Archive for the ‘public examinations’ Category

A or no A

On 21st November 2012, two days after the announcement of UPSR or Primary School Evaluation Test results, an open letter appeared in a local Chinese daily, the Sin Chew (attached above).

It was written in Mandarin, so I am doing a loose translation into English. Read on because it could be about you and your child………

A student in a primary school in Johore became disillusioned when his teacher accidentally omitted his name in the school’s list of top scorers for this year’s UPSR. Due to the teacher’s mistake, the poor boy ran and hid in a corner of the school hall to cry his heart out. After all the crying had been done, he realized how silly he had been. He then ran happily home to inform his parents of his results.

How will his parents reward him for scoring 5A’s? That is not my concern. Rather, my concern is this – what will happen if he did not get 5A’s? Will his parents comfort him or his teachers encourage him to do better next time? What about those who did not even get an A at all? Should we just dismiss or forget them?

Some time ago, when the government proposed to do away with all the public examinations, everyone was so happy. Hooray, no more examinations, no more pressures, no more comparisons!

But each time the results of a public examination were out, the Education Department, the school heads, the teachers, the parents – practically everyone in the community rejoiced and put the top scorers on high pedestal. Come on, admit it, we still cling to A’s as a benchmark to evaluate our children’s academic performances. This practice had been so deeply ingrained into our psyche.

A….A….A….this is how our education system had become today.
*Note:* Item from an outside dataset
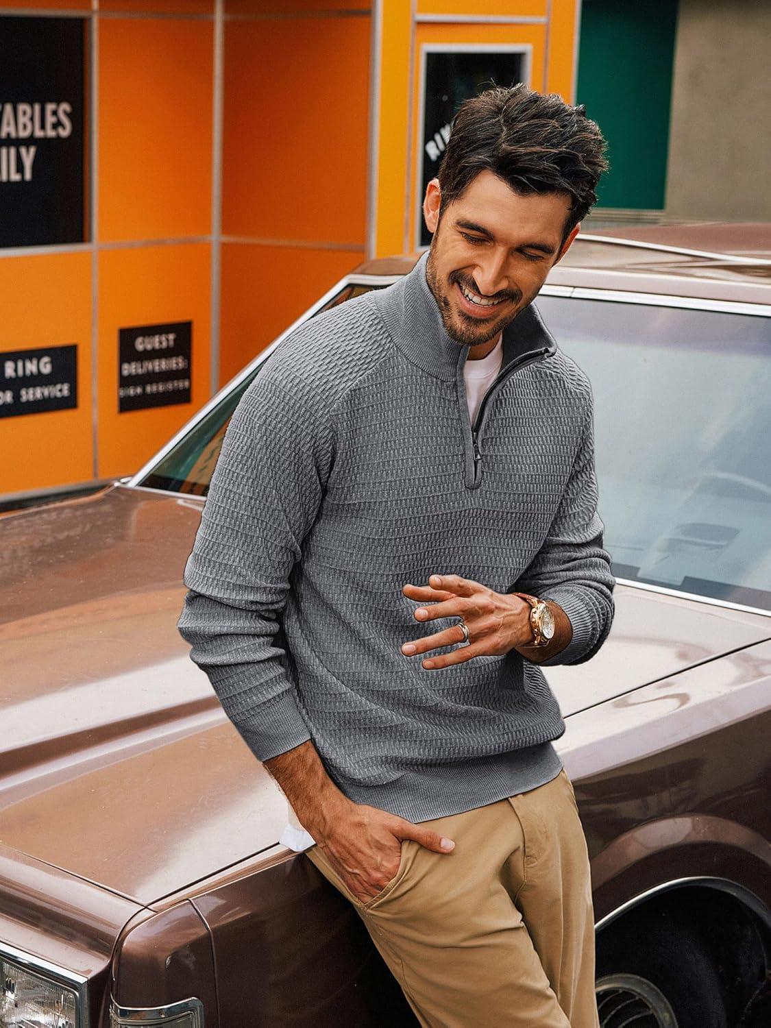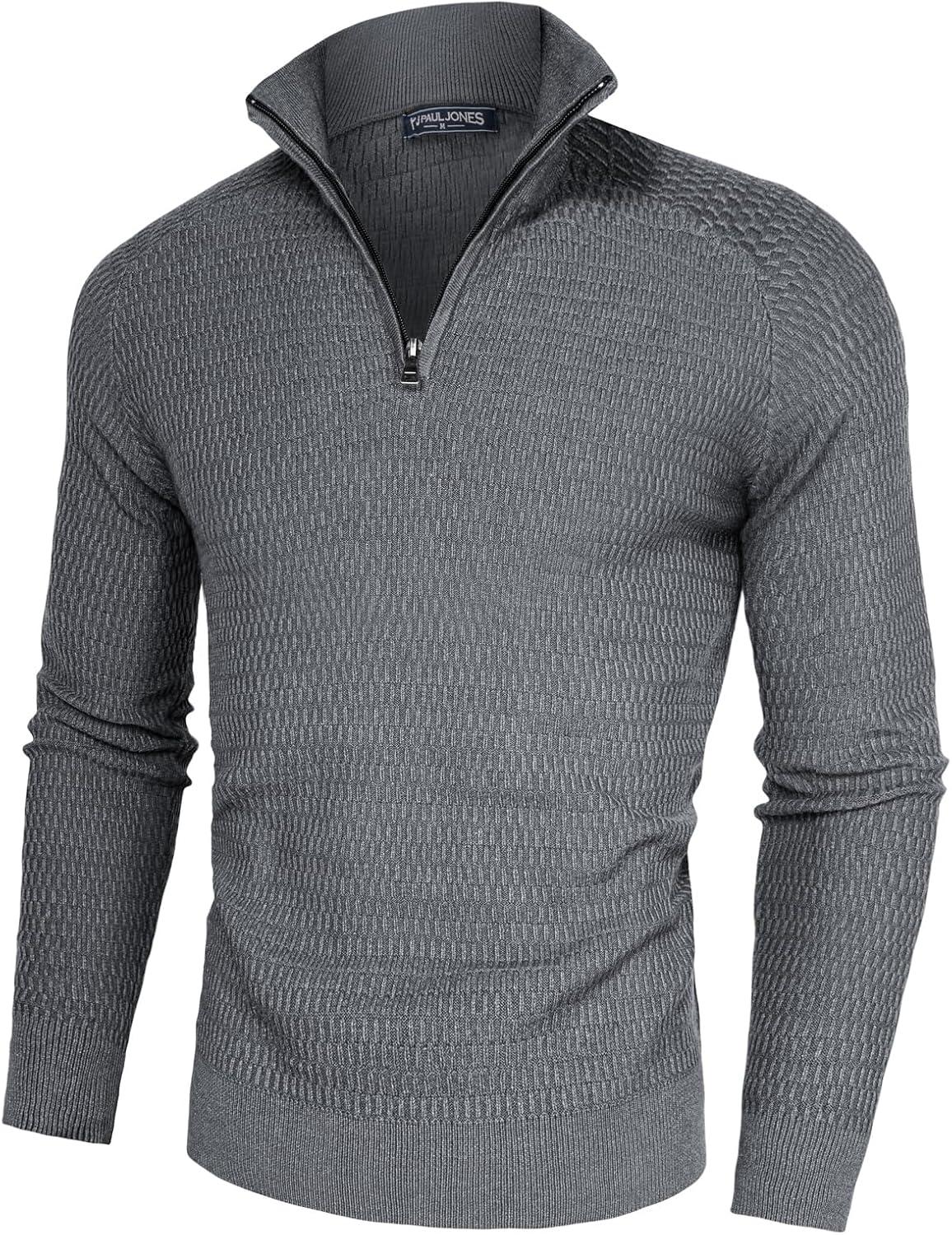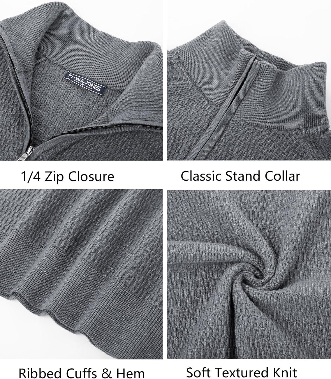 PJ PAUL JONES Men’s Quarter Zip Sweaters Slim Fit Long Sleeve Casual Pullover Sweater Knit Textured Mock Neck Polo Sweaters(Grey)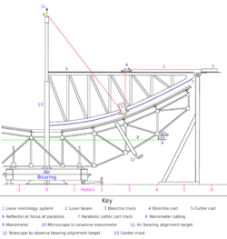 A unique feature of the Leighton telescopes is that the primary is fabricated as a single 10.4 m diameter precision surface, rather than individually machined panels. The dish panels are made of a light weight (15 kg/m3) aluminum honeycomb material with vertical channels. To produce the reflector's parabolic shape, the panels were assembled atop the same steel tube space frame that will support the panels on the deployed telescope. The space frame was mounted on an air bearing surrounding a central mast. An arm extended from the central mast, which had a parabolic track on the bottom side. The parabolic track was shaped by a laser metrology system that made use of the fact that a parabola is the locus of points equidistant from the focal point and a directrix line. The directrix in this case was the upper side of the arm. After the parabolic track was created, a cutting tool moved along the track, and cut the honeycomb panels as the dish rotated on the air bearing. After the honeycomb panels were cut to the proper parabolic shape, an aluminum skin was applied to each panel, to provide the dish's reflecting surface.[5]

From the moment our children first started to learn, we were rooting for them to get A’s. We have been conditioning our children to believe that without A’s, they are nothing and without A’s, there is no future for them. In short, A’s is everything.

In reality, we are turning public examinations into a mental torture for our children. There are many parents who claimed they are very open-minded, that they do not mind if their children did not score straight A’s. “If you could not score A’s, then at least score B’s!”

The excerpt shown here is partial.